## What to produce
Pictures excluded, output the lines of the data below between the one holding "Kit com 2 presilhas" and the one holding "Amiri Black Ma", inclusive, exactly as they stand.

## Given records

=== Begin Enclosure ===

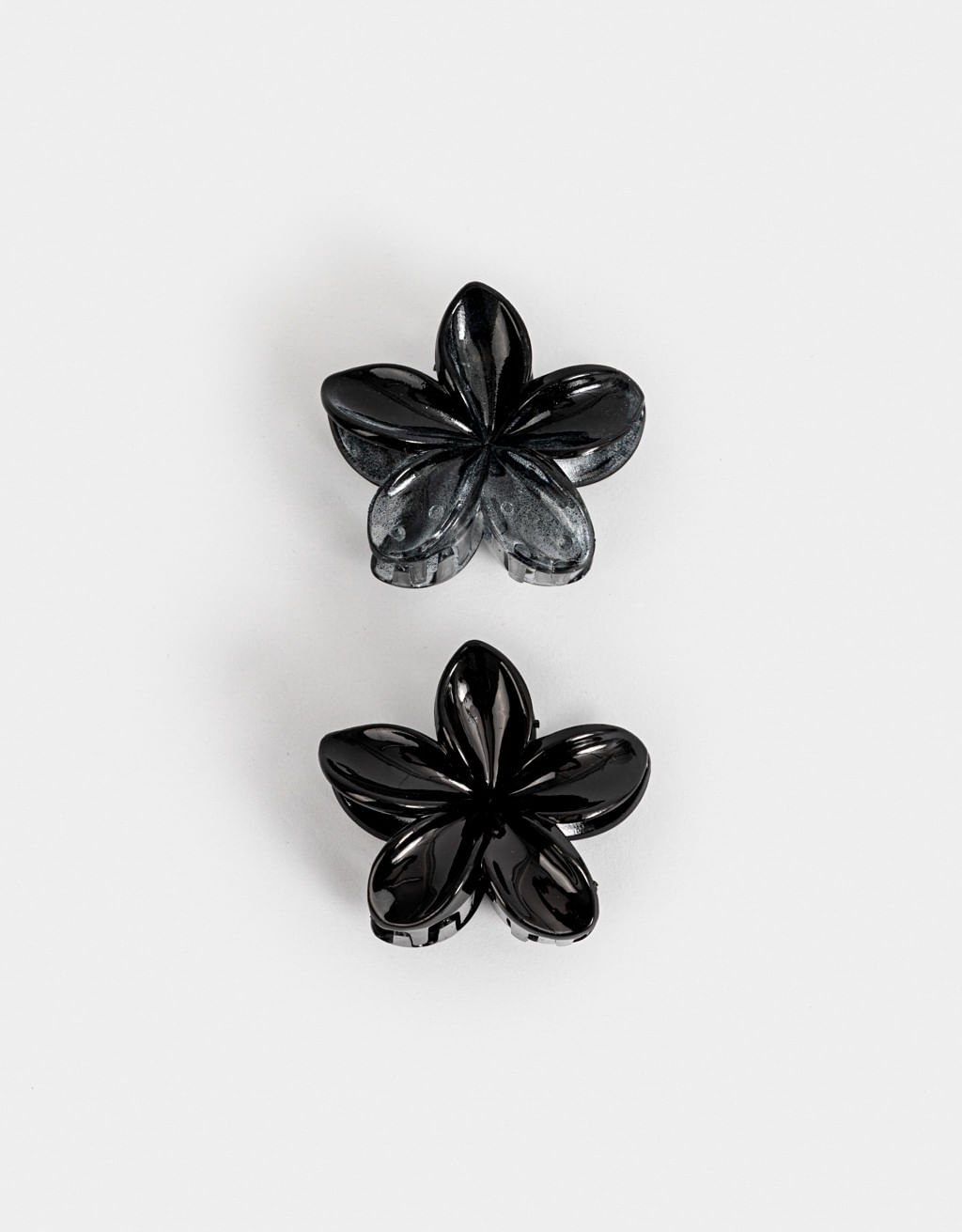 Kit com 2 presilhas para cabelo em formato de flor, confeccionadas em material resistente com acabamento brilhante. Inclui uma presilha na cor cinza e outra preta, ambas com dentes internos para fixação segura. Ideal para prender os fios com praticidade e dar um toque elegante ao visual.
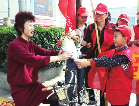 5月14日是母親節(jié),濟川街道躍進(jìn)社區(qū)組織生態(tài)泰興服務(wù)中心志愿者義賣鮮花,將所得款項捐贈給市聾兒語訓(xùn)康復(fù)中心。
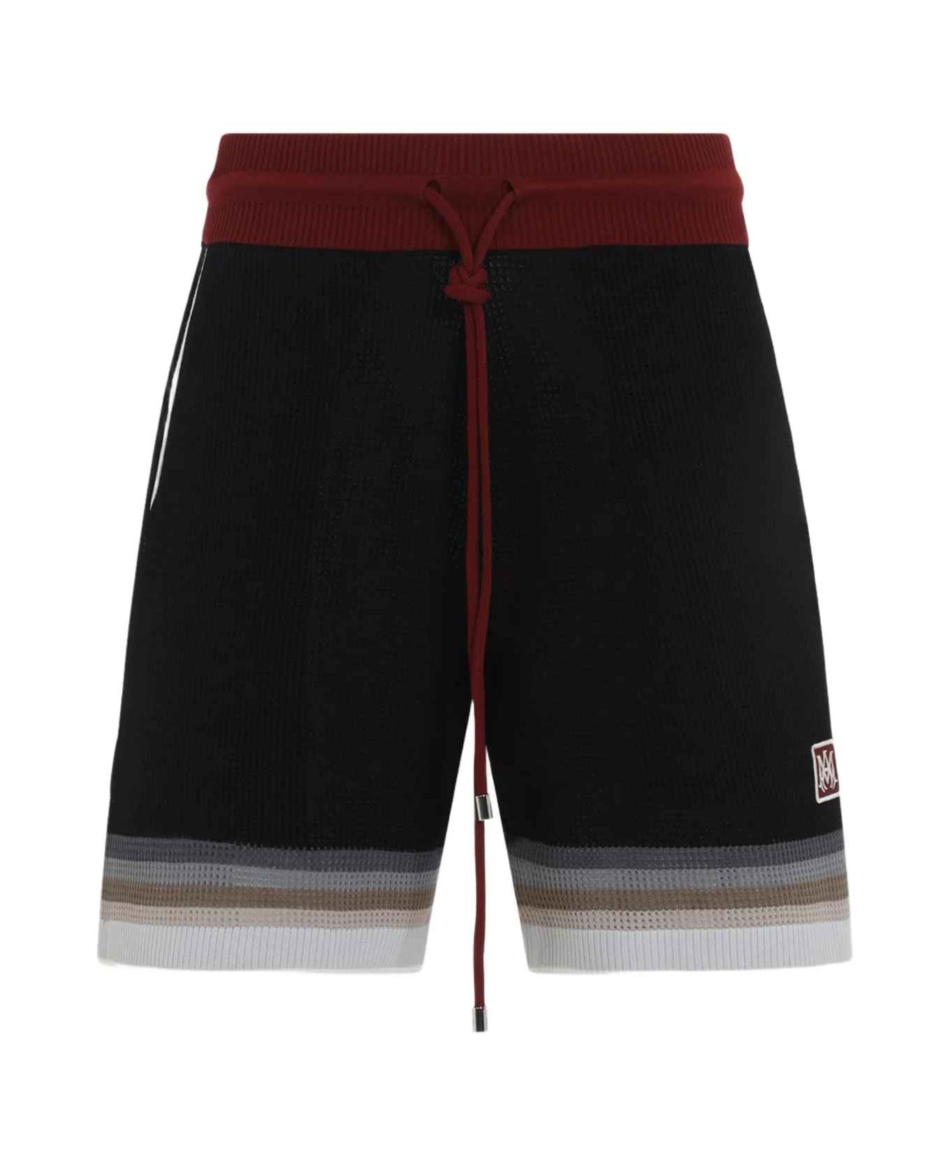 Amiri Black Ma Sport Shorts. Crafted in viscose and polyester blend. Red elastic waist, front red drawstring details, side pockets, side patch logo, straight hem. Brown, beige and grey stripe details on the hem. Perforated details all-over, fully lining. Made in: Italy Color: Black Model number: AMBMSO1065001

=== End Enclosure ===
=== Begin Enclosure ===

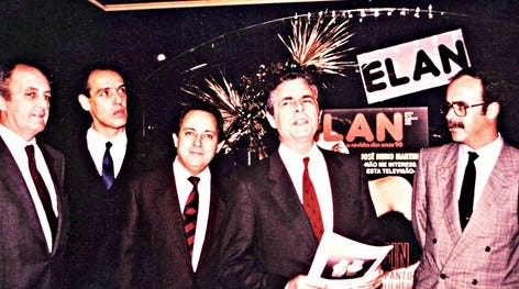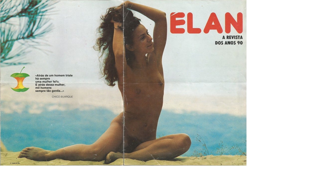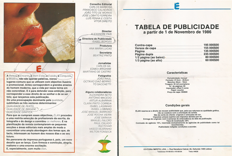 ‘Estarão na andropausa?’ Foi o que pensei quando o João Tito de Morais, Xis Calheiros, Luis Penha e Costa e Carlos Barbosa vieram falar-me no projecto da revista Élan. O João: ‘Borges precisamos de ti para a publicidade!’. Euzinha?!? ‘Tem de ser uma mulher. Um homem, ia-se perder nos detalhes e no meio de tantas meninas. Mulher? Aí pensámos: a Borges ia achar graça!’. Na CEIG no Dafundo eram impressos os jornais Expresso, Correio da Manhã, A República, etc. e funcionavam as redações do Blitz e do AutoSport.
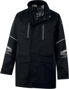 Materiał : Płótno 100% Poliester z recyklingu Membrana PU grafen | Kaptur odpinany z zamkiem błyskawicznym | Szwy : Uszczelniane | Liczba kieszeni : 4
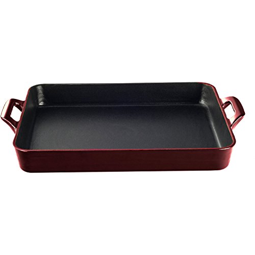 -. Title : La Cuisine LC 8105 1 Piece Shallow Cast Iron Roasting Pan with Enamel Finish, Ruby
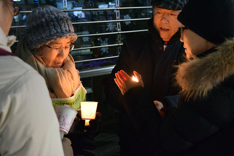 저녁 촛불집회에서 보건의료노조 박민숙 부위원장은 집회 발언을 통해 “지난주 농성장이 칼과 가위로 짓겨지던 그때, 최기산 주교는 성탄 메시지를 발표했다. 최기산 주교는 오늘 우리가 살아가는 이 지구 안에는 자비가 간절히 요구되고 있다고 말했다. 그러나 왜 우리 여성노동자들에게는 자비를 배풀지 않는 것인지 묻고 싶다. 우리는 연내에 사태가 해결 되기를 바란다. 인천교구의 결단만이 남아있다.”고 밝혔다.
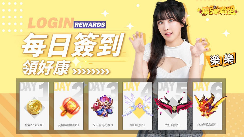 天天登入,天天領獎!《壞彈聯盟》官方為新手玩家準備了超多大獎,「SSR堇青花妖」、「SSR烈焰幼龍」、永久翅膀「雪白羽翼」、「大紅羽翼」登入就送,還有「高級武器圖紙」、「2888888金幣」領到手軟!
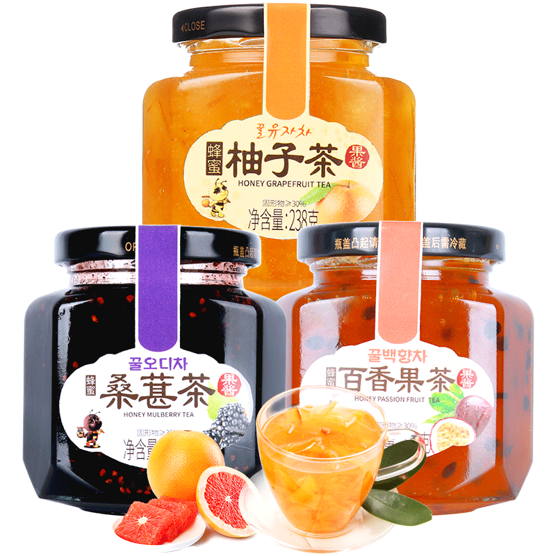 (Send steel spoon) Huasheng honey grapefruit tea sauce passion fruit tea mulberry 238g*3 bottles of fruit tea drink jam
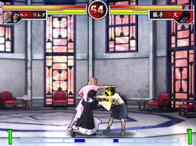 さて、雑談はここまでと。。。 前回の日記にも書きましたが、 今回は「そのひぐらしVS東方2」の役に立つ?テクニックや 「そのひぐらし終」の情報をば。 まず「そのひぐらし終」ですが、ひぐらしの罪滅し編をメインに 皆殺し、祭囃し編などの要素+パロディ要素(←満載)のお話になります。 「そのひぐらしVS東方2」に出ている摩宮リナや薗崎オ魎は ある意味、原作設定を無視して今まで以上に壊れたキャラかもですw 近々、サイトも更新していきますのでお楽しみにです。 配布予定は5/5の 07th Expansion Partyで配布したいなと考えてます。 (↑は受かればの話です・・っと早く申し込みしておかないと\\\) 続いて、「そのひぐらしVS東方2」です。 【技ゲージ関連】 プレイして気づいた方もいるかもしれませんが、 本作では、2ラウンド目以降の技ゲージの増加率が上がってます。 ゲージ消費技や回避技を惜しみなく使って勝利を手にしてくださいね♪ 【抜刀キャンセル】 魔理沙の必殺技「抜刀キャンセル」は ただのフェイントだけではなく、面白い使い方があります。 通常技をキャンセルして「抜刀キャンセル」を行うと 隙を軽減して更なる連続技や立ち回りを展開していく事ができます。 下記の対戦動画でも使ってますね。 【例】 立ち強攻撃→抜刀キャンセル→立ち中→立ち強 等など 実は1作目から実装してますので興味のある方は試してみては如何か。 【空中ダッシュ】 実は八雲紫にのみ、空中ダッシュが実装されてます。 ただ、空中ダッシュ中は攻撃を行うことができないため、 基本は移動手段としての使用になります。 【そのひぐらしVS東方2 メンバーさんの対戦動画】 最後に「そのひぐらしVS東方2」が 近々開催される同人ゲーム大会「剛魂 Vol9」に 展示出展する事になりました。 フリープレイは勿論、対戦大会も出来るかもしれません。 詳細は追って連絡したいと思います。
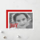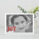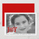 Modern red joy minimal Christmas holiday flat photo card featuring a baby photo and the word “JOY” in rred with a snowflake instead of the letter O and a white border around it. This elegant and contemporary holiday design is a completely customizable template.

=== End Enclosure ===

## Task answer
 Kit com 2 presilhas para cabelo em formato de flor, confeccionadas em material resistente com acabamento brilhante. Inclui uma presilha na cor cinza e outra preta, ambas com dentes internos para fixação segura. Ideal para prender os fios com praticidade e dar um toque elegante ao visual.
 5月14日是母親節(jié),濟川街道躍進(jìn)社區(qū)組織生態(tài)泰興服務(wù)中心志愿者義賣鮮花,將所得款項捐贈給市聾兒語訓(xùn)康復(fù)中心。
 Amiri Black Ma Sport Shorts. Crafted in viscose and polyester blend. Red elastic waist, front red drawstring details, side pockets, side patch logo, straight hem. Brown, beige and grey stripe details on the hem. Perforated details all-over, fully lining. Made in: Italy Color: Black Model number: AMBMSO1065001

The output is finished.